**What you have to do**. Pictures stay out, but every line of the data is copied exactly.

**Data shown**.
# # # # #
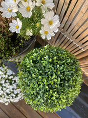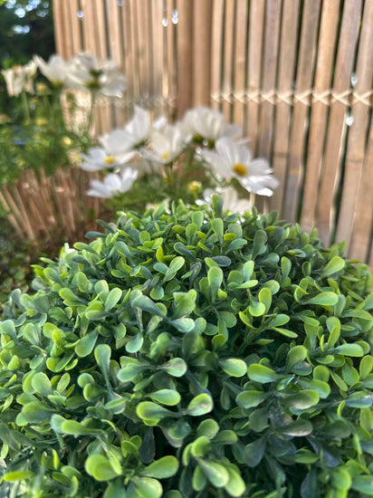 Klotet av plast med konstgjord buksbom erbjuder en naturliknande grönska utan behov av underhåll. De täta bladen ger en fyllig och livlig känsla som kan förhöja atmosfären i vilket rum som helst. Denna dekorativa detalj passar både inomhus och utomhus och håller sig grön året runt, vilket gör det enkelt att skapa en trivsam miljö.
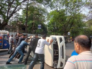 Jamshedpur News: बिष्टुपुर : कार से टक्कर के बाद बोलेरो पलटी
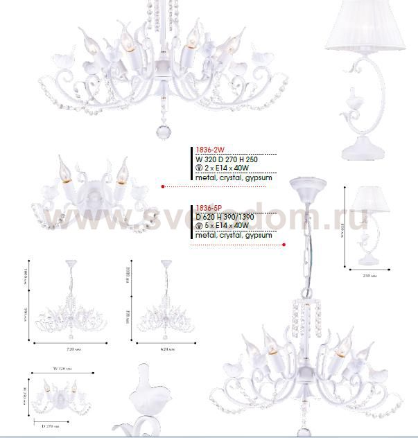 Выбирая модель светильника Favourite 1836-5P, обратите внимание, что каркас белого цвета, декоративные птички из гипса, хрусталь высшего качества. Дополнительная информация в характеристиках или по телефону. |
# # # # #
**Your solution**.
 Klotet av plast med konstgjord buksbom erbjuder en naturliknande grönska utan behov av underhåll. De täta bladen ger en fyllig och livlig känsla som kan förhöja atmosfären i vilket rum som helst. Denna dekorativa detalj passar både inomhus och utomhus och håller sig grön året runt, vilket gör det enkelt att skapa en trivsam miljö.
 Jamshedpur News: बिष्टुपुर : कार से टक्कर के बाद बोलेरो पलटी
 Выбирая модель светильника Favourite 1836-5P, обратите внимание, что каркас белого цвета, декоративные птички из гипса, хрусталь высшего качества. Дополнительная информация в характеристиках или по телефону. |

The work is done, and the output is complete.